Use of industry document analyses in tobacco litigation

Publications regarding internal tobacco industry documents clearly impacted how plaintiffs’ lawyers began to frame their claims. As public health and academic researchers began publishing articles regarding their analyses of previously unavailable tobacco industry documents in the mid-1990s, state attorneys general began filing medical cost recovery actions across the country.

While a few states had filed such actions as early as 1994 (Minnesota and Mississippi), the majority were filed in 1996 and 1997. These suits were resolved by the Master Settlement Agreement in 1998, under which certain tobacco companies not only agreed to pay monies to the states, but agreed to limits on marketing (prohibitions regarding outdoor marketing, sponsorships, branded merchandise, use of cartoon imagery, and requirements of minimum pack sizes), the dissolution of tobacco trade organizations, including the Tobacco Institute and the Council for Tobacco Research, and industry document disclosure websites. In 1999, the U.S. Department of Justice filed its own suit seeking reimbursement of tobacco-related medical expenses, as well as relief under the Racketeer Influenced and Corrupt Organizations Act (RICO). 

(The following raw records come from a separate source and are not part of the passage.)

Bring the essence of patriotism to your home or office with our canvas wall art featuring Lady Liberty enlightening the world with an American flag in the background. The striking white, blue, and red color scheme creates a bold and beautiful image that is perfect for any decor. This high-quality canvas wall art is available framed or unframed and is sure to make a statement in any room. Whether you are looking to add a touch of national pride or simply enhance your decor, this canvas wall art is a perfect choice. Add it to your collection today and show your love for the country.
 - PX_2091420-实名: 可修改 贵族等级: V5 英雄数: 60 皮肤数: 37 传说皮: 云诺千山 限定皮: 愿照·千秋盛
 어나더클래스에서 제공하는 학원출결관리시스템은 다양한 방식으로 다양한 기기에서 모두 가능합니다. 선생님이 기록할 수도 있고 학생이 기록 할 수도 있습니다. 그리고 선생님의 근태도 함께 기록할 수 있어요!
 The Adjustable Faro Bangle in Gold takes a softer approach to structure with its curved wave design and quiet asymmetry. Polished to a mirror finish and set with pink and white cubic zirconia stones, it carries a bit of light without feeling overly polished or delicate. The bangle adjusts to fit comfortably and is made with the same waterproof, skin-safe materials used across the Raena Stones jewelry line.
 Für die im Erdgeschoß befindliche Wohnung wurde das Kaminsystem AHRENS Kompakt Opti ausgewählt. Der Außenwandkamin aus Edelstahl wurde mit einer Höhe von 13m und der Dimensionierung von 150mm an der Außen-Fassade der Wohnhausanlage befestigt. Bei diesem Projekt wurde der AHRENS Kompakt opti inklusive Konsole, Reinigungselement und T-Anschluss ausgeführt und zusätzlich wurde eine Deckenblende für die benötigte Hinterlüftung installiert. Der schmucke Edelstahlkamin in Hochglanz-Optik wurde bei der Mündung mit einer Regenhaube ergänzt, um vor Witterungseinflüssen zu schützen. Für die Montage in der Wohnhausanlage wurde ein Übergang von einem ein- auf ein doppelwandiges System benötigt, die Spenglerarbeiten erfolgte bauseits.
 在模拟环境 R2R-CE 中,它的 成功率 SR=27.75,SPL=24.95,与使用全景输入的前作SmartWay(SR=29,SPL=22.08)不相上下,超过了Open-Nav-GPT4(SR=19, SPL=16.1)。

The reliance the plaintiffs’ bar placed on these researchers’ publications is evident from the complaints filed in these cases. For instance, the complaint filed by the state of Texas in 1997 cited Glantz’s studies of internal tobacco industry documents and attached the articles, incorporating them by reference. Other complaints shortcut the process and simply relied on quotations from the industry documents (culled by Glantz and others) and allegations regarding industry control of research, without citing to the articles themselves. 

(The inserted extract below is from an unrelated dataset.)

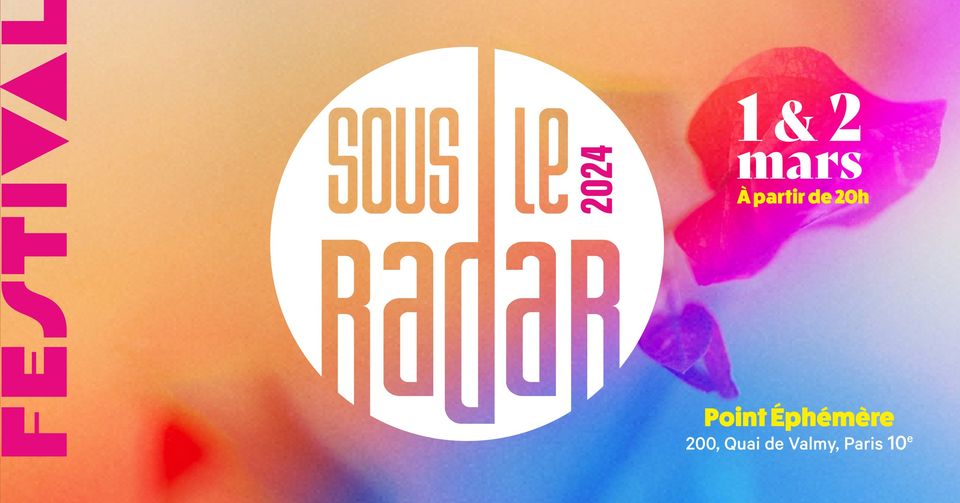 L’association Sous le Radar, en coréalisation avec Point Éphémère, proposera vendredi 1er et samedi 2 mars 2024 la deuxième édition de son festival de musique, qui réunira 12 artistes, à travers 8 concerts et 4 DJ sets. Ce festival est porté par la volonté de faire découvrir de jeunes artistes de genres musicaux variés (électro, folk, jazz, musique instrumentale, pop, rap, rock…).

The plaintiffs’ bar and plaintiffs’ expert witnesses routinely use articles about industry documents in tobacco litigation. Articles regarding industry documents, such as those by Glantz, show up hundreds of times in tobacco litigation exhibit lists. Glantz’s book has been raised in a tobacco trial as recently as this year. Articles on tobacco industry documents, as well as books analyzing the documents, frequently appear on expert reliance lists. Expert witnesses for plaintiffs, including but not limited to historians, rely on such publications (which often appear in peer-reviewed, scientific journals) to lay the foundation for their discussion of industry documents and to support their opinions regarding alleged industry actions to influence policy and regulation and alleged internal knowledge regarding health effects and addiction.

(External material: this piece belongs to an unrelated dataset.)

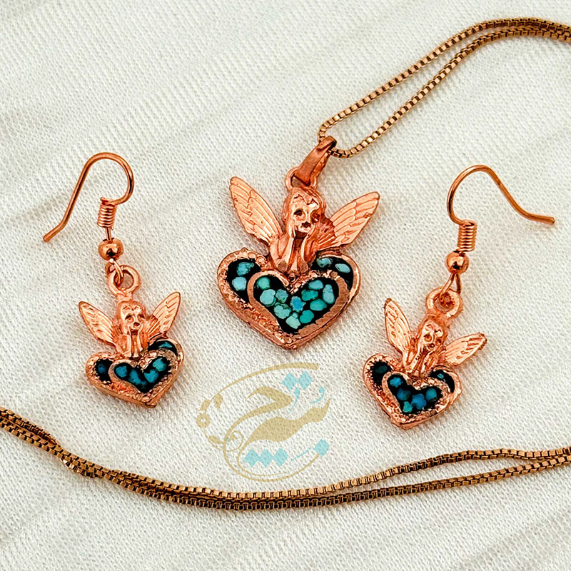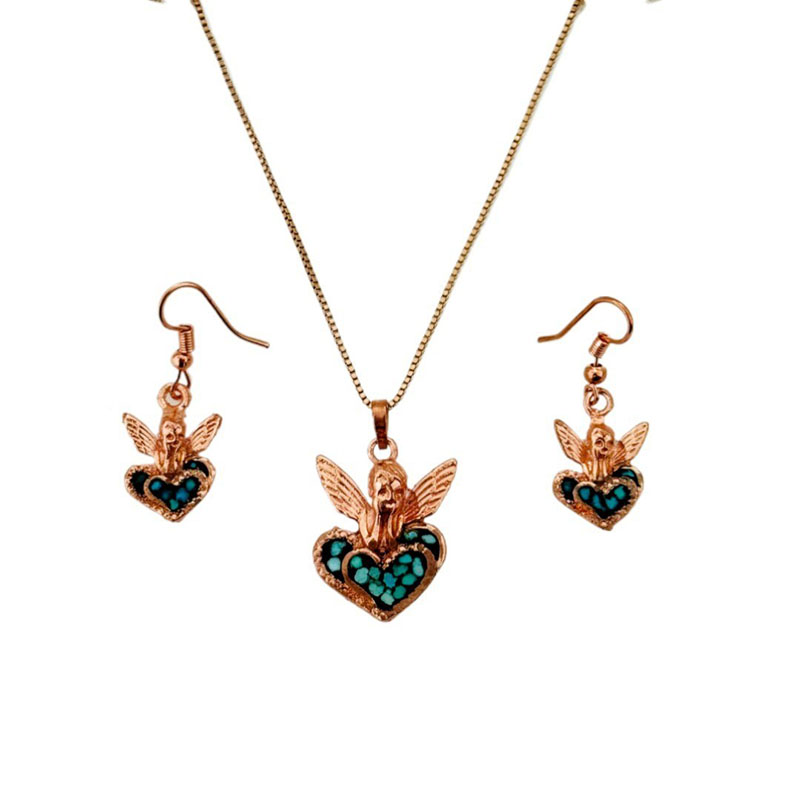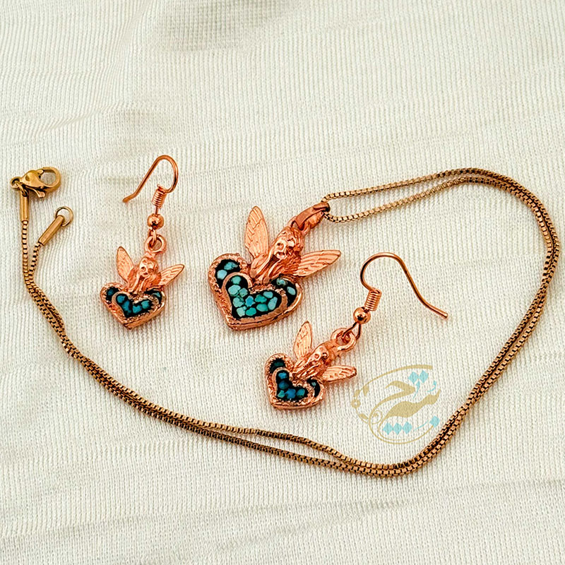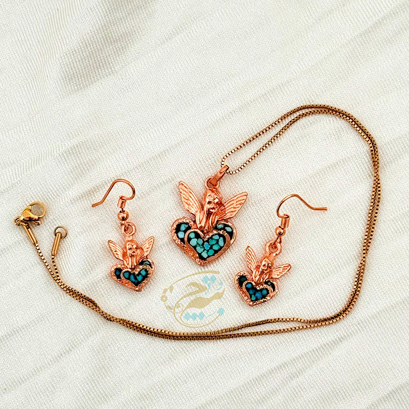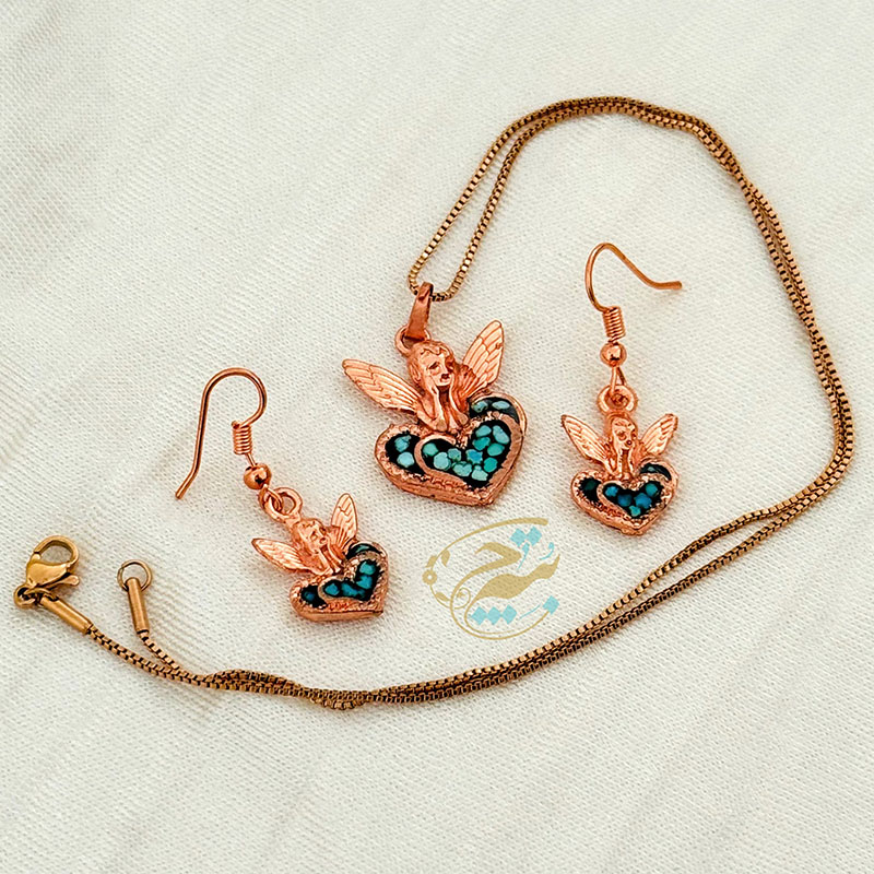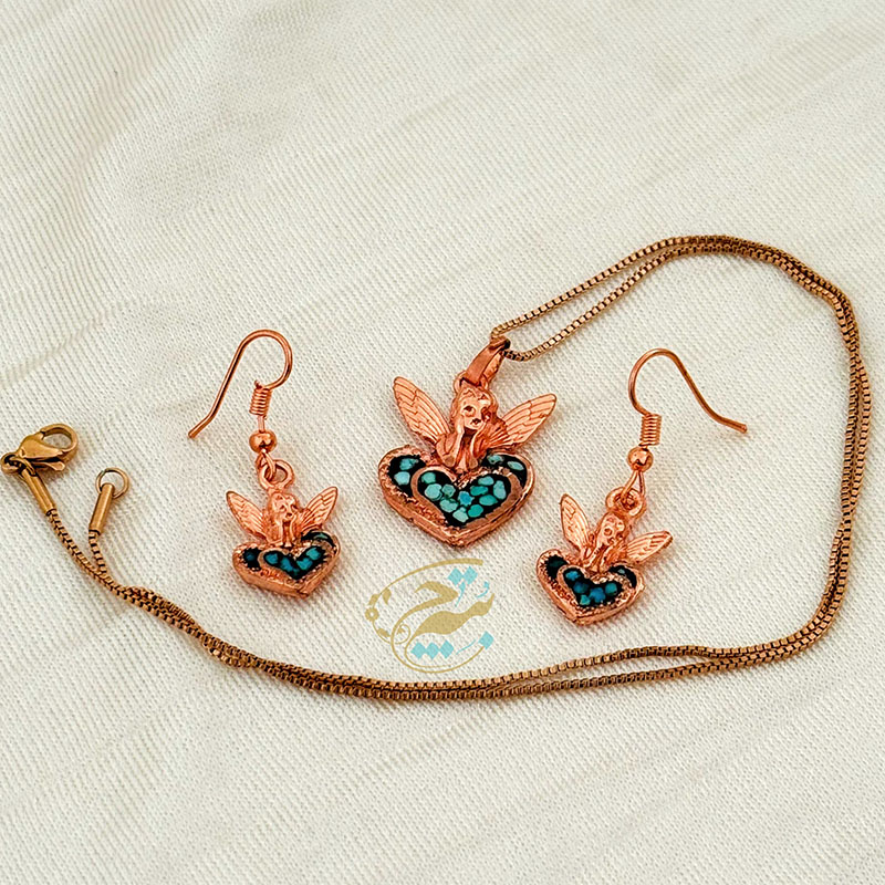 ست زیورآلات مسی فیروزه کوبی مدل فرشته آسمانی

Tactics to limit plaintiffs’ experts’ commentary regarding industry documents are certainly available, and have been used with success by tobacco defendants. While industry documents may be admissible in certain instances, an expert witness may be prohibited from testifying regarding corporate intent. Cross-examination strategies also include demonstrating to the jury the expert’s failure to review an adequate sample of industry documents, failure to review other available industry documents necessary for context, and demonstrating the bias of the researcher. 

What’s next?

The trend regarding publications on sugar industry documents is nascent and currently small in scope (apparently limited to a few sets of documents available from the archives of persons connected to the Sugar Research Foundation). Nonetheless, given the above discussed impact of such publications on tobacco litigation, the publication of similar articles regarding sugar industry documents (and purported attempts to influence research) could be a potent signal of tactics in future litigation against members of the sugar industry and those producing products with added sugar.